Give the records below again exactly, and exclude each picture.

□ □ □ □

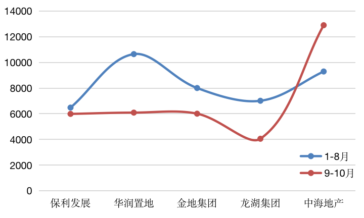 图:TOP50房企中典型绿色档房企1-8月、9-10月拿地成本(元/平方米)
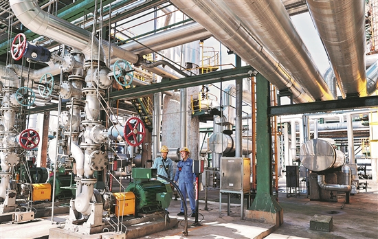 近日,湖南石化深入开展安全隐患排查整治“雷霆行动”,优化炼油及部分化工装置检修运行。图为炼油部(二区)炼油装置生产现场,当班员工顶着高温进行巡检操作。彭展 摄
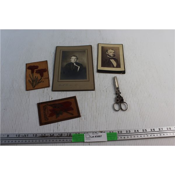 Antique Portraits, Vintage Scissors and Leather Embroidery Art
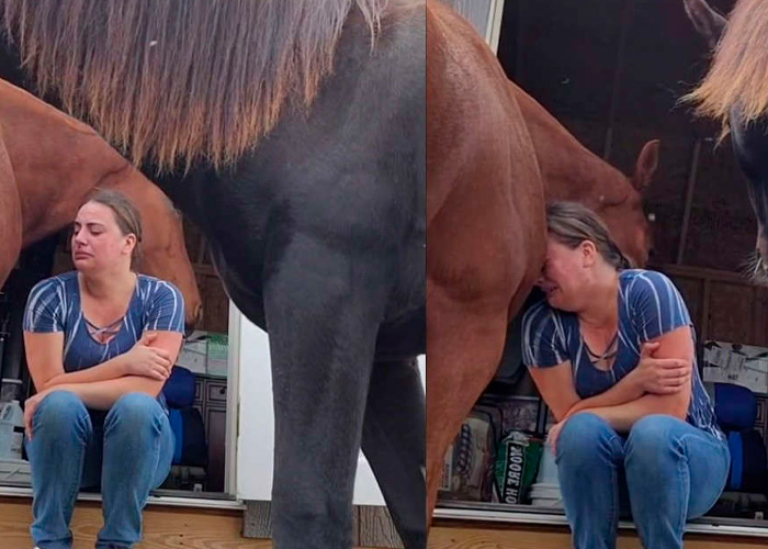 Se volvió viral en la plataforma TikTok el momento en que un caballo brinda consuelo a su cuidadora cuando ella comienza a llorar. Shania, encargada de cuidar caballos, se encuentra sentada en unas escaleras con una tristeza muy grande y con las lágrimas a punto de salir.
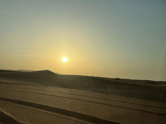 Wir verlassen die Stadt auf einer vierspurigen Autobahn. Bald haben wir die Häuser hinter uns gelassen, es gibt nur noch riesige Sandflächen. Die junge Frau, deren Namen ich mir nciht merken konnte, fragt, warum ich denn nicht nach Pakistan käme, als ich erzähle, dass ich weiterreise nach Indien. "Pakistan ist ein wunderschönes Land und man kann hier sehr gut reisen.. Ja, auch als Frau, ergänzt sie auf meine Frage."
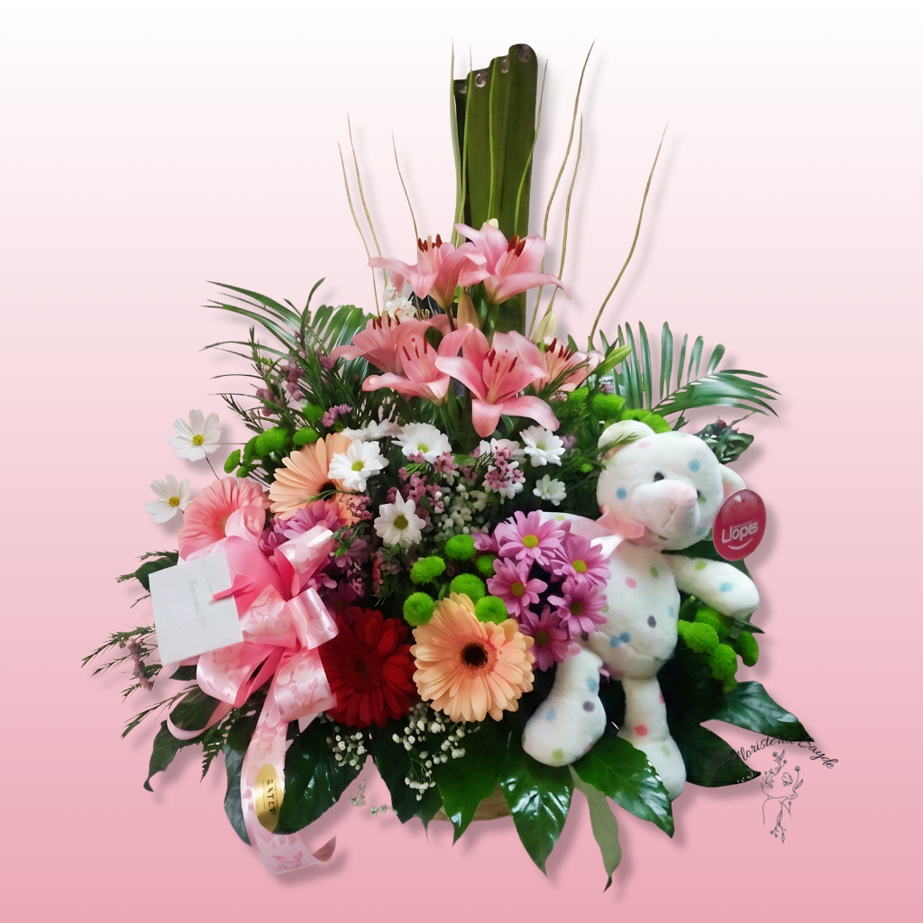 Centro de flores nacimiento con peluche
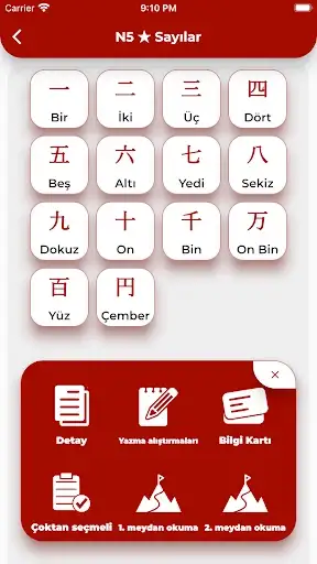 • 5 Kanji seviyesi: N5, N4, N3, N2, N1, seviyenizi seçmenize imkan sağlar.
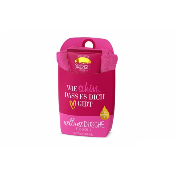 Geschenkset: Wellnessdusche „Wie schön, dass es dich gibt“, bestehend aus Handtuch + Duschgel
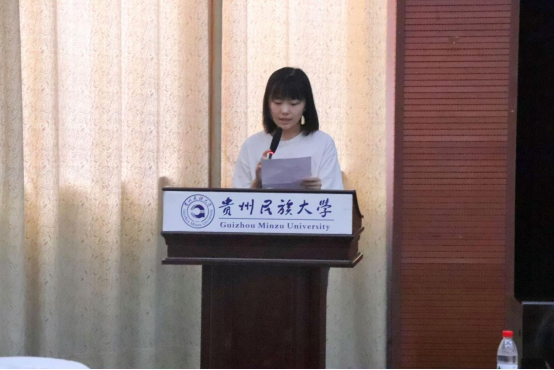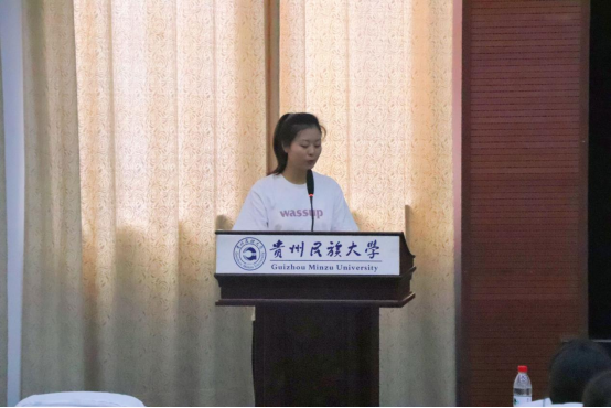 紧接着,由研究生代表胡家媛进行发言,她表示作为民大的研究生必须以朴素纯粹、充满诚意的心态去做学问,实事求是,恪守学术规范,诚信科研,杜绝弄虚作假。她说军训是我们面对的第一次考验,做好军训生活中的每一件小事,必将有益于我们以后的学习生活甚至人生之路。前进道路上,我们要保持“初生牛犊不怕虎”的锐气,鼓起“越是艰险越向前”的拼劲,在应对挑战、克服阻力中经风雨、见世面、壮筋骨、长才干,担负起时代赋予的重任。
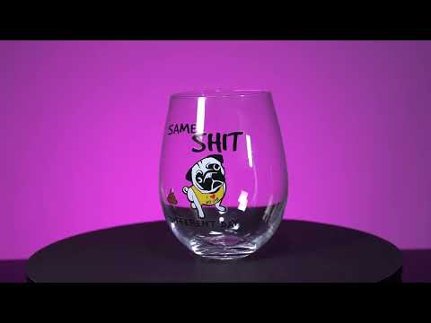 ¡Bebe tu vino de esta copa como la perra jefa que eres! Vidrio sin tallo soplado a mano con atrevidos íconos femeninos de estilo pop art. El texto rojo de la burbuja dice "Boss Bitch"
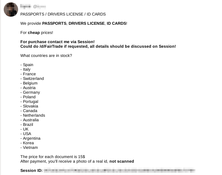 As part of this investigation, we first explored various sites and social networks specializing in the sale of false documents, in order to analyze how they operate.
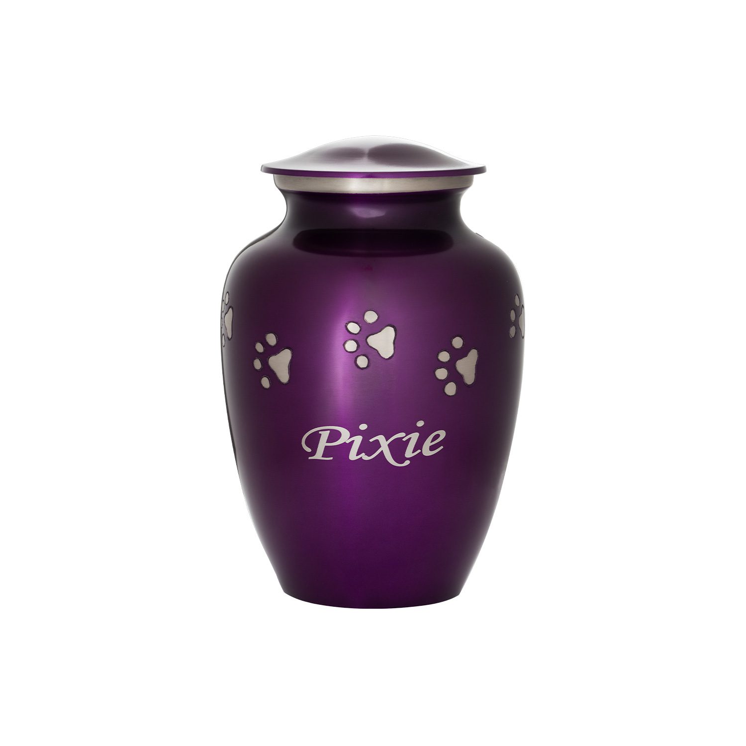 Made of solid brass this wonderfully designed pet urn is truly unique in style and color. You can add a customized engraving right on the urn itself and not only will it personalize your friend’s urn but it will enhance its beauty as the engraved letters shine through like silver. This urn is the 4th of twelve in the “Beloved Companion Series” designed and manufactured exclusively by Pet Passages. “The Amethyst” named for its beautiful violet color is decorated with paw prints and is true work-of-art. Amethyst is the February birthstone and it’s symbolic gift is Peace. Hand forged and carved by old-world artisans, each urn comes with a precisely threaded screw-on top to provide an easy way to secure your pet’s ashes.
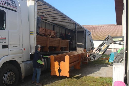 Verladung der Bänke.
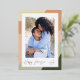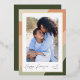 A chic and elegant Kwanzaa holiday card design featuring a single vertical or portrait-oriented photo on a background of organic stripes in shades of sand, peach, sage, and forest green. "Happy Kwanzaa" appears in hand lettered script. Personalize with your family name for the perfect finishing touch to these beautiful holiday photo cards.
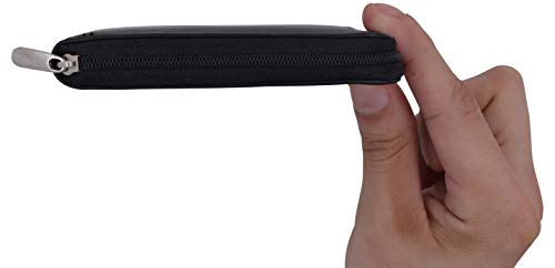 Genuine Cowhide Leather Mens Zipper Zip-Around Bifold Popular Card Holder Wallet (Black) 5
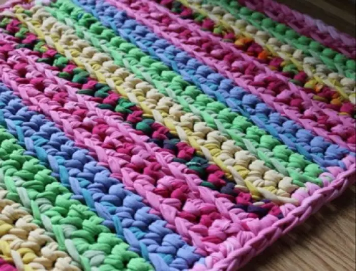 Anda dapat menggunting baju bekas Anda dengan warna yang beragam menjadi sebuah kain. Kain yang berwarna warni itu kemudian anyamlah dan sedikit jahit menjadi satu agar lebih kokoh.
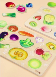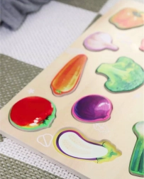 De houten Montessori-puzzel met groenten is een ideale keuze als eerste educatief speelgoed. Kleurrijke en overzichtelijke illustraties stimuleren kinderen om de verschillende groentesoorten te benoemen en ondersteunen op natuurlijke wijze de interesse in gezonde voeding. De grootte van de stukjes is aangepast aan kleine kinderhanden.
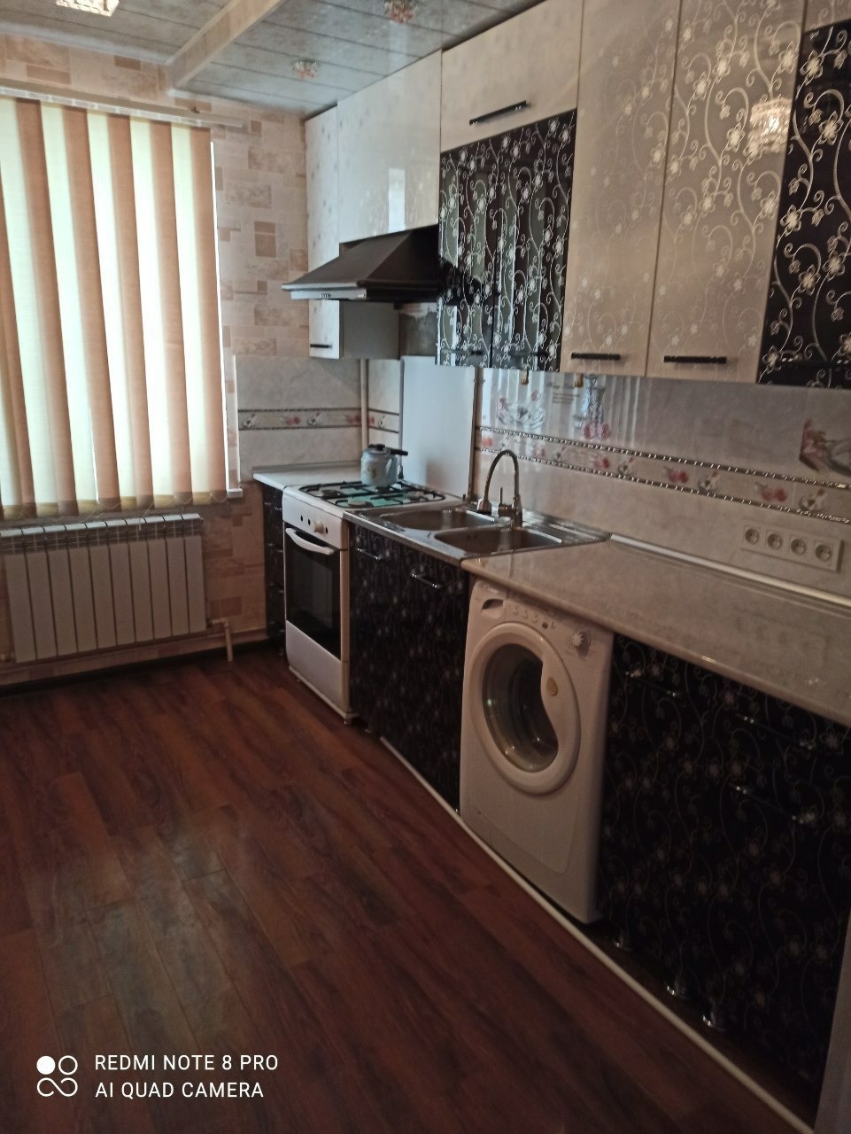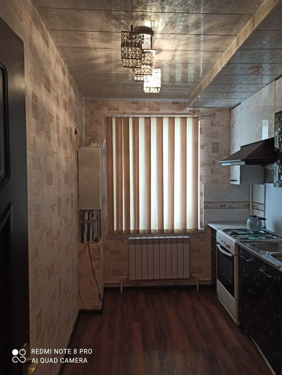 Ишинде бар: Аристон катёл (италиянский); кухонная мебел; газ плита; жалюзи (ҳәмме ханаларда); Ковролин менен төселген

□ □ □ □

ANSWER TO THIS TASK:
 图:TOP50房企中典型绿色档房企1-8月、9-10月拿地成本(元/平方米)
 近日,湖南石化深入开展安全隐患排查整治“雷霆行动”,优化炼油及部分化工装置检修运行。图为炼油部(二区)炼油装置生产现场,当班员工顶着高温进行巡检操作。彭展 摄
 Antique Portraits, Vintage Scissors and Leather Embroidery Art
 Se volvió viral en la plataforma TikTok el momento en que un caballo brinda consuelo a su cuidadora cuando ella comienza a llorar. Shania, encargada de cuidar caballos, se encuentra sentada en unas escaleras con una tristeza muy grande y con las lágrimas a punto de salir.
 Wir verlassen die Stadt auf einer vierspurigen Autobahn. Bald haben wir die Häuser hinter uns gelassen, es gibt nur noch riesige Sandflächen. Die junge Frau, deren Namen ich mir nciht merken konnte, fragt, warum ich denn nicht nach Pakistan käme, als ich erzähle, dass ich weiterreise nach Indien. "Pakistan ist ein wunderschönes Land und man kann hier sehr gut reisen.. Ja, auch als Frau, ergänzt sie auf meine Frage."
 Centro de flores nacimiento con peluche
 • 5 Kanji seviyesi: N5, N4, N3, N2, N1, seviyenizi seçmenize imkan sağlar.
 Geschenkset: Wellnessdusche „Wie schön, dass es dich gibt“, bestehend aus Handtuch + Duschgel
 紧接着,由研究生代表胡家媛进行发言,她表示作为民大的研究生必须以朴素纯粹、充满诚意的心态去做学问,实事求是,恪守学术规范,诚信科研,杜绝弄虚作假。她说军训是我们面对的第一次考验,做好军训生活中的每一件小事,必将有益于我们以后的学习生活甚至人生之路。前进道路上,我们要保持“初生牛犊不怕虎”的锐气,鼓起“越是艰险越向前”的拼劲,在应对挑战、克服阻力中经风雨、见世面、壮筋骨、长才干,担负起时代赋予的重任。
 ¡Bebe tu vino de esta copa como la perra jefa que eres! Vidrio sin tallo soplado a mano con atrevidos íconos femeninos de estilo pop art. El texto rojo de la burbuja dice "Boss Bitch"
 As part of this investigation, we first explored various sites and social networks specializing in the sale of false documents, in order to analyze how they operate.
 Made of solid brass this wonderfully designed pet urn is truly unique in style and color. You can add a customized engraving right on the urn itself and not only will it personalize your friend’s urn but it will enhance its beauty as the engraved letters shine through like silver. This urn is the 4th of twelve in the “Beloved Companion Series” designed and manufactured exclusively by Pet Passages. “The Amethyst” named for its beautiful violet color is decorated with paw prints and is true work-of-art. Amethyst is the February birthstone and it’s symbolic gift is Peace. Hand forged and carved by old-world artisans, each urn comes with a precisely threaded screw-on top to provide an easy way to secure your pet’s ashes.
 Verladung der Bänke.
 A chic and elegant Kwanzaa holiday card design featuring a single vertical or portrait-oriented photo on a background of organic stripes in shades of sand, peach, sage, and forest green. "Happy Kwanzaa" appears in hand lettered script. Personalize with your family name for the perfect finishing touch to these beautiful holiday photo cards.
 Genuine Cowhide Leather Mens Zipper Zip-Around Bifold Popular Card Holder Wallet (Black) 5
 Anda dapat menggunting baju bekas Anda dengan warna yang beragam menjadi sebuah kain. Kain yang berwarna warni itu kemudian anyamlah dan sedikit jahit menjadi satu agar lebih kokoh.
 De houten Montessori-puzzel met groenten is een ideale keuze als eerste educatief speelgoed. Kleurrijke en overzichtelijke illustraties stimuleren kinderen om de verschillende groentesoorten te benoemen en ondersteunen op natuurlijke wijze de interesse in gezonde voeding. De grootte van de stukjes is aangepast aan kleine kinderhanden.
 Ишинде бар: Аристон катёл (италиянский); кухонная мебел; газ плита; жалюзи (ҳәмме ханаларда); Ковролин менен төселген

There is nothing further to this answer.